In practice, this boundary condition is realized through support blades addressing thermo-elastic deflections. The FEM is discretized using Altair’s HyperMesh with 9500 nodes and 10,500 shell elements. For ensuring sufficient accuracy, a convergence study on deflections has been realized. The dimensions of the mirror are 1 m in diameter and 10 cm for the initial height. By the subsequent optimization loops, the height has been increased up to 20 cm. Aluminum was chosen to be the material the mirror is made of. The material assigned to the FEM has basically no impact on the quality of the optimization results; however, it does determine certain boundary conditions (e.g., the minimum thickness of ribs, which is driven by manufacturing capabilities).

At this point in time, it shall be highlighted that mechanical stresses are not of relevance here. The reasoning is threefold: First, large-scale space telescope mirror design is primarily driven by mass and stiffness distribution [10]. Second, minimizing wavefront error reduces the overall weight of the space telescope mirrors. The light weight, as a consequence, alleviates high loading, as the mirror is loaded via gravitational forces. Last but not least, local stress overshoots are often addressed by local design features such as slight thickening, or by introducing curvatures or chamfers.

The baseline design of this study was realized with a light-weighting factor of 90 and aluminum as the baseline material. For obvious reasons, material or overall size might be scaled. However, the approach and subsequent findings remain valid to almost the full extent.

2.3. Pattern Identification

It is crucial to space telescope mirror design to not only find an optimum, but also to understand how its derived design features imprint on the actual mirror’s deflections. The following principles shall be adhered to in order to make a given design plausible. Thus, before going into local design refinement or even manufacturing, the underlying physics in terms of load paths and stiffening structures shall be deliberately studied. In addition, one ensures that artificial optima caused by modeling imperfections and the like are excluded.

For realizing the above-mentioned principle, a sequence of trades has been performed prior to actual optimization runs. These trades aimed at identifying patterns. Patterns are thereby formed by either identifying components warping in tandem or displaying similar levels of strain energy under loading. In order to do so, evaluation of element strain energy density, as a conflation of mechanical load and deformation, serves best to find these patterns. This holds, as neither stress nor strain alone would allow one to identify load transmission paths with certainty; it is the combination of both that determines load paths.

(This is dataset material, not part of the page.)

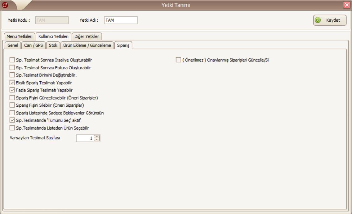 Eksik Sipariş Teslimatı Yapabilir: Kullanıcının sipariş miktarından daha az teslimat yapıp yapamayacağının yetkisi bu parametre ile belirlenir.

In Figure 3, the developed process of optimizing space mirrors is depicted. As given there, the modeling and definition of the design space marks the beginning. Note that the design space is given by the set of design variables, comprising size and shape variables. Herein, the design space is formed by the thicknesses of each rib section, the ring, and the mirror surface itself, as well as the shape and contour of the ribs. For identifying sections, an initial FEA is conducted, based on which the element strain energy densities (ESE) are evaluated. These ESE are acquired for either identifying or refining existing patterns. If no additional pattern is to be identified, the optimization is launched. Optimization software OptiStruct has been chosen, as its algorithms are based on analytic sensitivities, making it precise and efficient. In addition, OptiStruct allows one to incorporate various system responses off the shelf, as well as user-defined responses, which can be designed using Altair Compose and its open matrix language (OML).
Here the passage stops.